Dit autrement, l’art montre non seulement le visible, mais également l’invisible. Le montrant, il le dévoile tout en le maintenant invisible, il le montre comme invisible, fondamentalement invisible. » Franck Robert
Cette série d’aquarelles a vu le jour au coeur de l’hiver, mais c’est en plein printemps que je vous la montre.
Réalisée entre tension et décontraction.
Tension des phases contraintes de la vie,
Décontraction de moments sereins d’un luxe inouï.
Tension de la contracture roide des froideurs,
Décontraction à la perspective de la saison des amours.
Tension du sauvage qui ne se laisse pas approcher,
Décontraction de la peluche qui se caresse des yeux.
Tension de l’approche du prédateur qui rôde,
Décontraction face à l’inoffensif objectif.
La nature aime donc à être cachée, nous communique Héraclite il y a plus de 2000 ans.
C’est qu’il maîtrise parfaitement la question, ce bougre qui a fuit la charge du pouvoir pour l’idéal de l’ermitage.
Retiré dans le temps d’Artémis, se contentant de jouer aux osselets avec des enfants, il est rattrapé par les gens d’Ephèse afin de gouverner la cité : et comme il n’est point d’abri, même à l’ombre du divin, il choisit de disparaître de la vue et de la portée de l’Homme par nécessité, sa condition unique d’une existence libre.

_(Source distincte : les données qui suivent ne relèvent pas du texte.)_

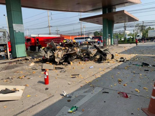 ที่เกิดเหตุ เป็นปั๊ม แก๊ส NGV ของบริษัท รอยัลโกลเด้นดรากอน มีพื้นที่ ประมาณ 2 ไร่ ที่บริเวณตู้จ่ายก๊าซตู้ที่ 2 พบรถยนต์แท็กซี่ยี่ห้อ โตโยต้า อัลตีส สีเหลือง ทะเบียน ทว-8142 กรุงเทพมหานคร ถูกแรงอัดระเบิดของถังบรรจุก๊าซพังยับเยินแหลกทั้งคัน และที่บริเวณตู้จ่ายก๊าซดังกล่าวถูกแรงอัดจะฝาข้างตูจ่ายก๊าซกระเด็นหายไป ในที่เกิดเหตุพบเพียงกองเลือดส่วนผู้บาดเจ็บทราบว่ามี 3 รายเป็นคนขับแท็กซี่ 1 รายและหญิงพนักงานของปั้มดังกล่าว 2 ราย เจ้าหน้าที่มูลนิธิได้นำส่งรักษาที่โรงพยาบาลบางนา 2 ก่อนแล้ว ในที่เกิดยังพบว่ามีรถแท็กซี่ที่ถูกแรงระเบิดเสียหายอีก 1 คัน เป็นแท็กซี่สีเขียวเหลือง ทะเบียน 1 มก 8529 กรุงเทพมหานคร ถูกแรงระเบิดจนกระจกประตูข้างซ้ายแตกทั้ง 2 บาน

Pour vivre heureux, vivons cachés, serait la recette?
Il va cependant devoir revenir à l’Humanité, hydropique, tombé gravement malade en mangeant des plantes. Pas la bonne recette donc?
Les médecins ne comprennent pas ses demandes, exprimées, à sa manière bien particulière, sous forme d’énigmes, et il finira par mourir de son mal après avoir tenté de se soigner par lui-même.

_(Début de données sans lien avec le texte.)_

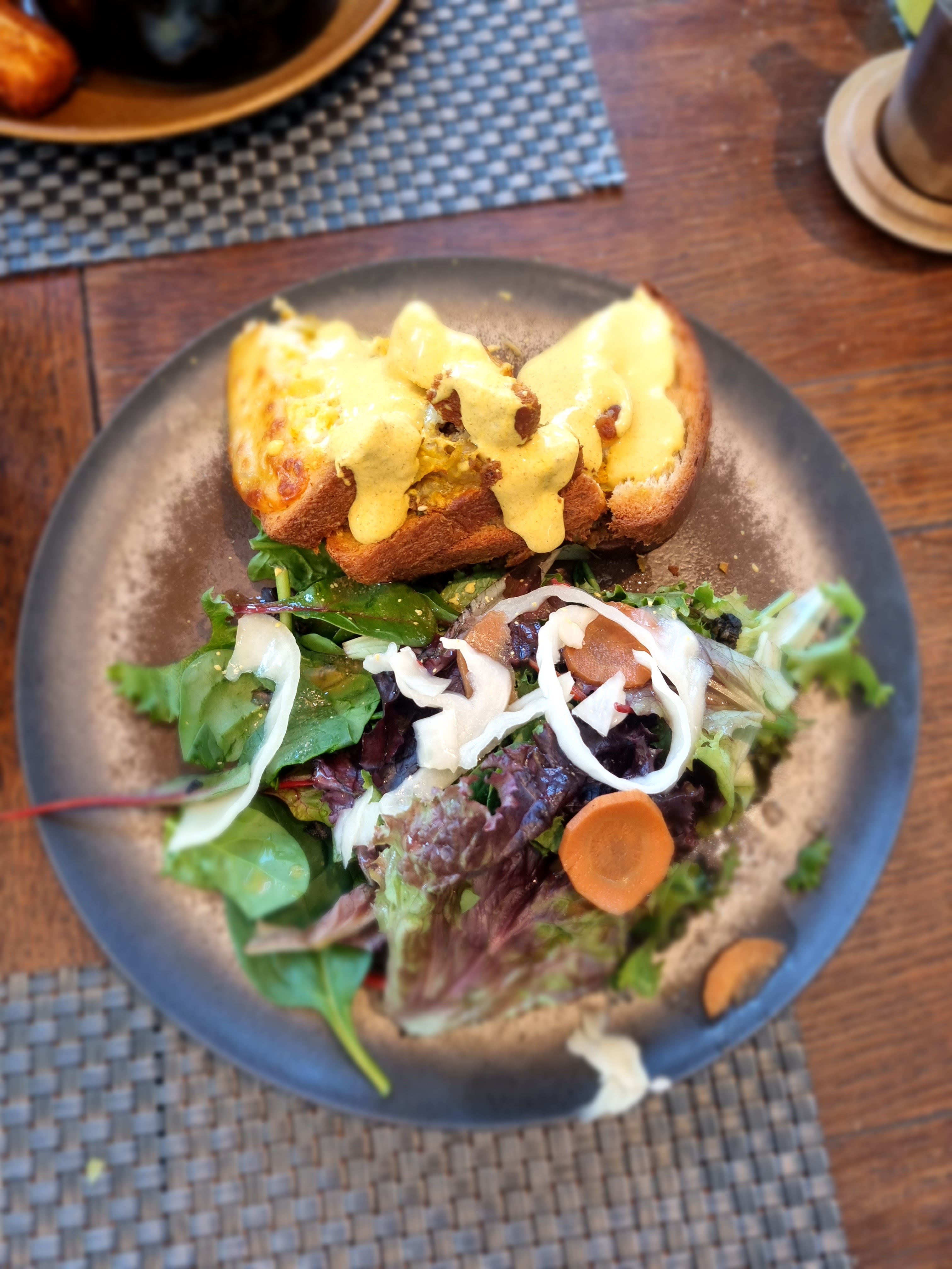 Un brunch exquis. Une purée de patate douce juste excellente et un croissant jambon beurre d'une rare qualité. L'ambiance de la salle est charmante et l'équipe est accueillante. Je recommande fortement.

Ces diverses aquarelles comportent à la fois la part de caché qui est la condition vitale de notre survie psychique, et la part de dévoilé qui est la condition non moins vitale de notre survie physique.
Nos transactions, nos tractations, nos négociations, nos polarisations:
Sélectivité du sens profond dans l’art, puis jouissance de l’illustration narrative.
Prouesse technique au sens classique, puis crobard vite fait sur un coin de table.
Sérieux à en mourir, puis crever de rire…
Comme le dit aussi Shopenhauer, ainsi toute notre vie oscille entre le désir et l’ennui.
Désir d’emploi du chômeur, ennui du salarié.
Désir de tomber amoureux, ennui du couple.
Désir de solitude, ennui de l’isolement.
Et par extension :
Désir de la forme libre, ennui du jaillissement?
Désir de la maîtrise, ennui de l’effort?
“Etre libre, c’est choisir ses contraintes”, disait l’autre. Hum!